HDFS的搭建

所有的节点都必须做的:(NameNode,DataNode)

1 需要知道hadoop依赖Java和SSH

  1. Java 1.5.x (以上),必须安装。安装目录为/usr/java/jdk1.7.0

1 下载合适的jdk 

//此文件为64Linux 系统使用的 RPM包 

 http://download.oracle.com/otn-pub/java/jdk/7/jdk-7-linux-x64.rpm 

 

2 安装jdk 

rpm -ivh jdk-7-linux-x64.rpm 

 

3 验证java 

[root@hadoop1 ~]# java -version 

java version "1.7.0" 

Java(TM) SE Runtime Environment (build 1.7.0-b147) 

Java HotSpot(TM) 64-Bit Server VM (build 21.0-b17, mixed mode) 

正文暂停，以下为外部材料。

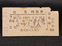 | 【特急券】 「白鳥」 昭和41年7月27日 乗車駅発8時33分 乗車駅京都 下車駅直江津 4号車13番A席 2等800円 〇交京都大丸発行 状態 優 |

[root@hadoop1 ~]# ls /usr/java/ 

default  jdk1.7.0  latest 

 

4 配置java环境变量 

#vim /etc/profile //在profile文件中加入如下信息: 

 

#add for hadoop 

export JAVA_HOME=/usr/java/jdk1.7.0 

export CLASSPATH=.:$JAVA_HOME/jre/lib/rt.jar:$JAVA_HOME/lib/dt.jar:$JAVA_HOME/ 

export PATH=$PATH:$JAVA_HOME/bin 

 

//使环境变量生效 

source /etc/profile 

 

5 拷贝 /etc/profile 到 datanode 

  1. ssh 必须安装并且保证 sshd 一直运行,以便用Hadoop 脚本管理远端Hadoop守护进程。
  2. 检验是否安装了SSH,执行命令:

                               which ssh

           which sshd

           which ssh-keygen

          如果上面三个命令的返回都不是空,则证明SSH已经安装好。

2 建立 Hadoop 公共帐号

  1. 所有的节点应该具有相同的用户名,可以使用如下命令添加:
  2. useradd hadoop
  3. passwd hadoop

 3配置 host 主机名

  tail -n 3 /etc/hosts

    192.168.57.75  namenode

    192.168.57.76  datanode1

    192.168.57.78  datanode2

    192.168.57.79  datanode3

在NameNode节点中需要进行的:

1.生成ssh密钥对。

在NameNode上执行下面的命令,生成RSA密钥对:

执行命令:

  ssh-keygen -t rsa

下面是从别的地方摘抄过来的:

大家可以配置成密论认证的方式

首先生成密钥,用命令ssh-keygen –t rsa

     运行后可以一直空格,生成密钥,id_rsa和id_rsa.pub文件 ,默认放在/root/.ssh/下,.ssh文件是隐藏的,要显示隐藏文件才看得到

     在/home/admin下创建.ssh活页夹,把id_rsa.pub文件copy 到/home/admin/.ssh活页夹下,改变文件名为authorized_keys

     

     把id_rsa 文件copy 到一个目录如/home/id_rsa

     用下面的命令测试配好了没:

     ssh  -i  /home/id_rsa admin@localhost

     应该不用密码就直接进去了~

2.查看生成的公钥:

more /home/root/.ssh/id_rsa.pub

3.将公钥复制到各个从节点上。

       1.在主节点上运行命令:scp /home/root/.ssh/id_rsa.pub  hadoop_dataNode@ip地址: ~/master_key   将生成的公钥文件从NameNode上面复制到DataNode中的                 "~/master_key"文件。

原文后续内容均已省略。